The intended use is to suck and filter out
grease, oil, smoke, steam, etc. etc. from the stove
in an apartment kitchen so that cooking smells
don't proliferate to other rooms.
Are they effective for this purpose? Any brands to choose? to avoid?
Thanks.
(I don't know whether anyone can mail me responses,
so the best way is to post them in net.consumers.)

mauney@ncsu.UUCP (Jon Mauney) (10/26/84)

The GE hood that goes with the GE stove in my apartment sucks
air through a charcoal filter and blows it out the top, back into the
kitchen.  It is reasonably effective at removing smoke, which is
the only smell that offends me enough to justify the noise of the fan.

I wish that I had an exhaust fan that would send the smoke outside.
This would not only improve the air quality, but would also keep the
kitchen cooler.
-- 

*** REPLACE THIS MESSAGE WITH YOUR LINE ***

Jon Mauney    mcnc!ncsu!mauney    C.S. Dept, North Carolina State University

lutton@inmet.UUCP (10/30/84)

<>
There are two kinds of range hoods.  One kind vents to the outside.
This kind works.  But the stove has to be against an outside
wall and you have to cut a hole through it.  The other kind vents
back to the kitchen through a filter.  You have to replace the
filter every once in a while.  My apartment (11 years old when I
moved in) has this kind of range hood.  I don't know where
to get a new filter.  When I turn on the range hood it smells.
Probably nobody ever changed the filter.  I don't use the hood.

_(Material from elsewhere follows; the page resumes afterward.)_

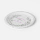 Zwei Blätter und Blume aus Thymian, die einen Kräuterkranz bilden, umkreisen die Teller aus Brautparty. Bearbeiten Sie diese Brautparty-Teller mit Ihrer eigenen Ehrenbride, um den Namen zu sein. Einzigartiges Kunstdesign von Sarah Trett.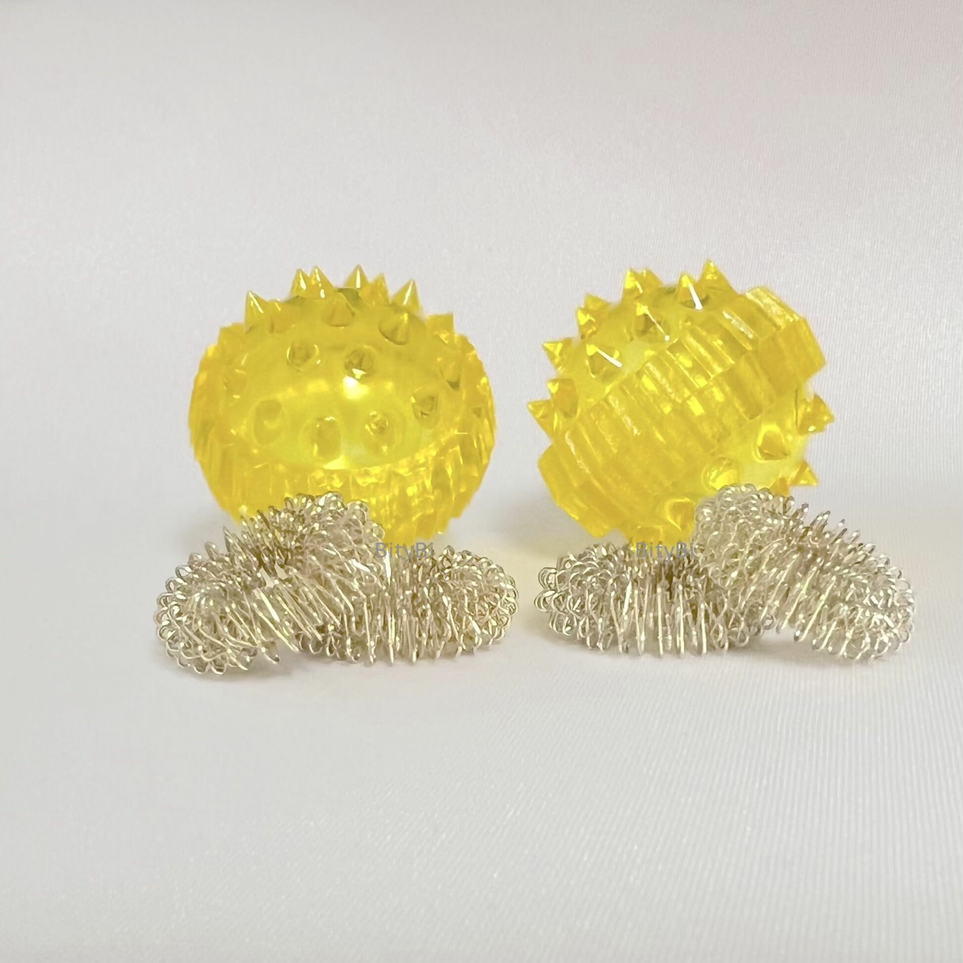 Су-джок массажный шарик с пружинными кольцами, развитие мелкой моторики, комплект 2 шт. цвет желтый, зеленый

wmartin@brl-tgr.ARPA (Will Martin ) (10/30/84)

> There are two kinds of range hoods.  One kind vents to the outside.
> This kind works.  But the stove has to be against an outside
> wall and you have to cut a hole through it.  The other kind vents
> back to the kitchen through a filter.  You have to replace the
> filter every once in a while.  My apartment (11 years old when I
> moved in) has this kind of range hood.  I don't know where
> to get a new filter.  When I turn on the range hood it smells.
> Probably nobody ever changed the filter.  I don't use the hood.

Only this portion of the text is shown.